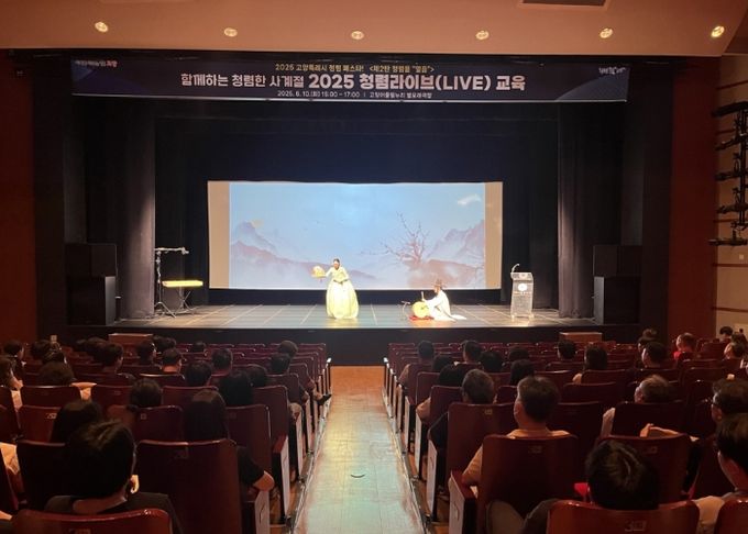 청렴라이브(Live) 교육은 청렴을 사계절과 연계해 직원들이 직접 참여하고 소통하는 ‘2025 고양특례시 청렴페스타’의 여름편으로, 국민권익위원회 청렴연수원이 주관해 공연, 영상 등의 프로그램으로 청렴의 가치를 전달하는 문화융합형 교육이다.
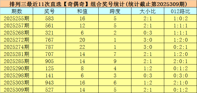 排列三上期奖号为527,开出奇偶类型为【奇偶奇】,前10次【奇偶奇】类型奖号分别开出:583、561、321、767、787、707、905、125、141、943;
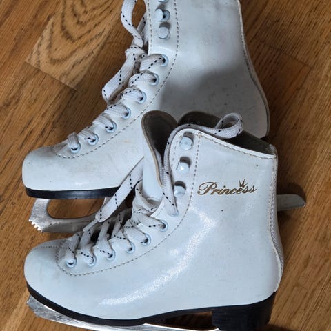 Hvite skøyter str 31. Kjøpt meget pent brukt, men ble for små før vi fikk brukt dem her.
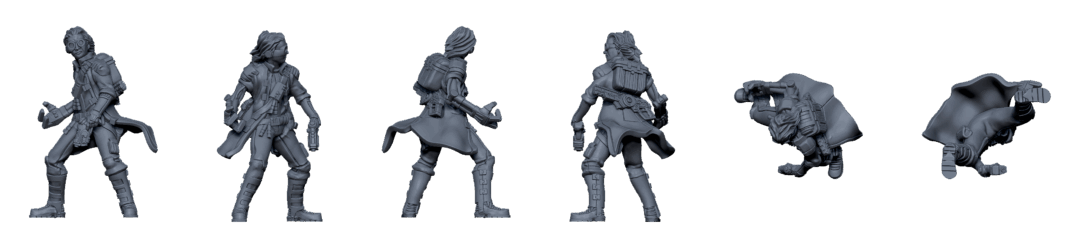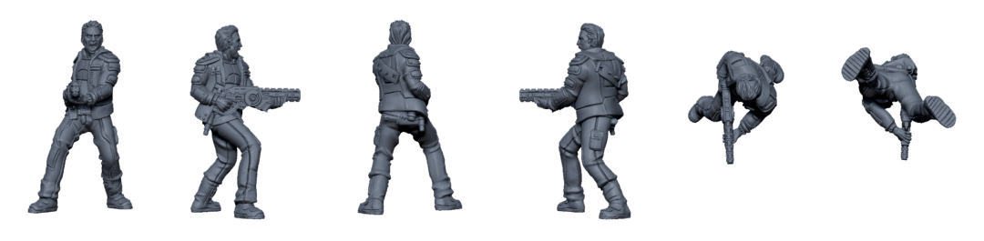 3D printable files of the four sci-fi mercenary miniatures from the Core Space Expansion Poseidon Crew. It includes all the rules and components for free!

Exercise directions
If a picture falls within the span, leave it out, and reproduce exactly the lines from the one containing "Hvite skøyter str" through the end of the material, and no others.

Exercise output
 Hvite skøyter str 31. Kjøpt meget pent brukt, men ble for små før vi fikk brukt dem her.
 3D printable files of the four sci-fi mercenary miniatures from the Core Space Expansion Poseidon Crew. It includes all the rules and components for free!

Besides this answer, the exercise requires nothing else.